- **Aim of the exercise**: Return the run of lines below that opens with the line containing "①ボウルに卵を割って入れ、砂糖、はちみつ、シナモンを入れて混ぜます。" and closes with the line containing "Особливості національної роботи: чим", keeping each one exact.

- **Extracted records**:
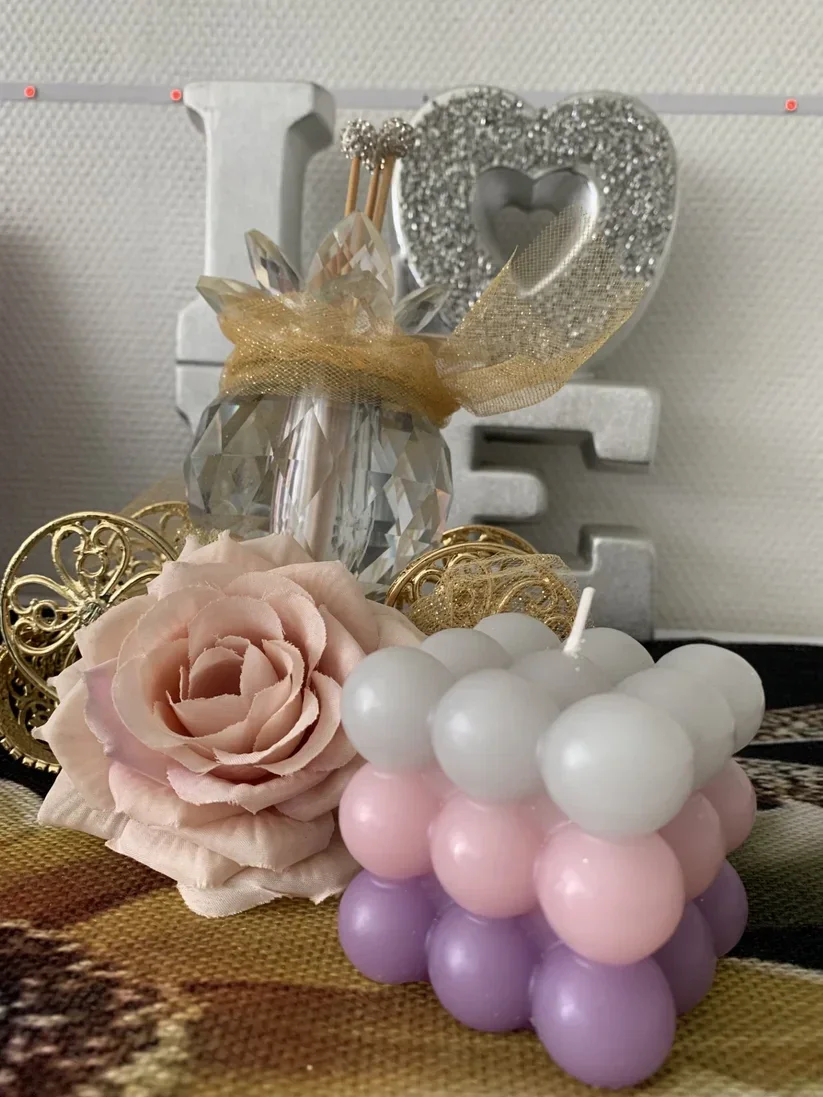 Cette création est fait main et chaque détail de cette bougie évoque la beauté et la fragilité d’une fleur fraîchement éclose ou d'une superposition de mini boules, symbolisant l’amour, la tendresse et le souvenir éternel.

---

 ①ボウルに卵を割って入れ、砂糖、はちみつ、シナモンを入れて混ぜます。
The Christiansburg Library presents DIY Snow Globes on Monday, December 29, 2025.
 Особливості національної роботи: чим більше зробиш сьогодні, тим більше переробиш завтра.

- **Response to this exercise**:
 ①ボウルに卵を割って入れ、砂糖、はちみつ、シナモンを入れて混ぜます。
The Christiansburg Library presents DIY Snow Globes on Monday, December 29, 2025.
 Особливості національної роботи: чим більше зробиш сьогодні, тим більше переробиш завтра.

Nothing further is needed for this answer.